How to complete this task: Reproduce all of the data exactly. Images are not to appear in the reply.
[Data block — start]
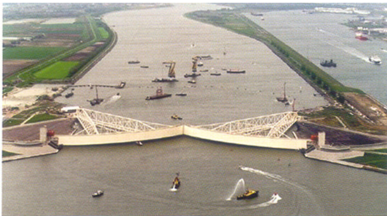
This retractable storm surge barrier spans 3,000 meters across the Eastern Scheldt in the Netherlands.

Cover photo: The Fraunces Tavern® was built in 1719 on marshy ground in lower Manhattan and was frequented by George Washington. At only a few feet above sea level, the area near the Battery is at risk for flooding should a huge storm surge accompany a 100-year storm.
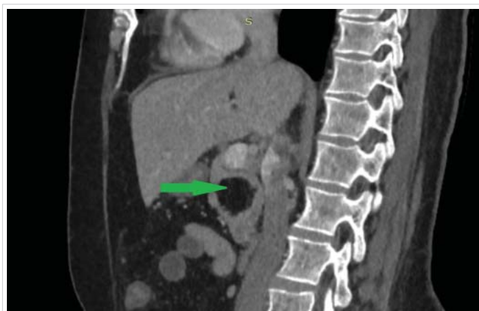
Figure 2: Lipoma of the head of the pancreas (green arrow).
[Data block — finish]
Result for this exercise:
This retractable storm surge barrier spans 3,000 meters across the Eastern Scheldt in the Netherlands.

Cover photo: The Fraunces Tavern® was built in 1719 on marshy ground in lower Manhattan and was frequented by George Washington. At only a few feet above sea level, the area near the Battery is at risk for flooding should a huge storm surge accompany a 100-year storm.
Figure 2: Lipoma of the head of the pancreas (green arrow).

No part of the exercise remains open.